Your response should consist of the entire listing, transcribed exactly, with every image left out.

_AVAILABLE DATA_:

━━━━

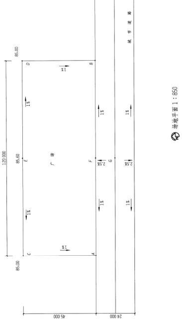 设计条件 1.下页图为一城市广场和城市道路关系图,道路路面宽24m,广场120m×45m。 2.广场坡度为1%,道路横坡坡度为2.5%,纵坡坡度为1%。 3.广场C、D、E点的高程分别为85.00、85.00、85.60。
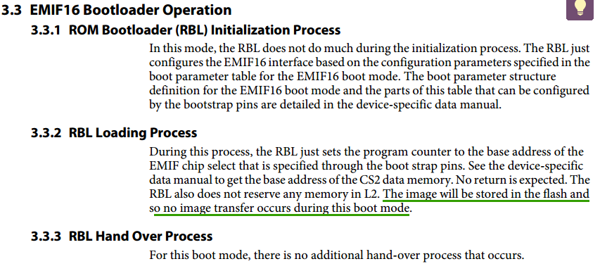 在sprugy5c 第24页 3.3.2有如下内容,请问画绿线部分如何理解?bootloader的过程不是将外部FLASH中的代码搬移到片内存储器然后执行吗,为什么画绿线的部分显示没有代码搬移?这种模式究竟是怎么用的呢?
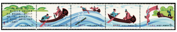 (3)“文”字邮票 狭义上是指从1967年4月20日至1970年1月21日,“文革”期间发行的19套80枚邮票的统称。广义上是指这期间正式发行、未发行和撤销发行的24套88枚邮票的统称(含《纪念毛主席创建井冈山革命根据地四十周年》等5套邮票)。这些邮票上未印志号,政治色彩浓重。

━━━━

_ANSWER SPACE_:
 设计条件 1.下页图为一城市广场和城市道路关系图,道路路面宽24m,广场120m×45m。 2.广场坡度为1%,道路横坡坡度为2.5%,纵坡坡度为1%。 3.广场C、D、E点的高程分别为85.00、85.00、85.60。
 在sprugy5c 第24页 3.3.2有如下内容,请问画绿线部分如何理解?bootloader的过程不是将外部FLASH中的代码搬移到片内存储器然后执行吗,为什么画绿线的部分显示没有代码搬移?这种模式究竟是怎么用的呢?
 (3)“文”字邮票 狭义上是指从1967年4月20日至1970年1月21日,“文革”期间发行的19套80枚邮票的统称。广义上是指这期间正式发行、未发行和撤销发行的24套88枚邮票的统称(含《纪念毛主席创建井冈山革命根据地四十周年》等5套邮票)。这些邮票上未印志号,政治色彩浓重。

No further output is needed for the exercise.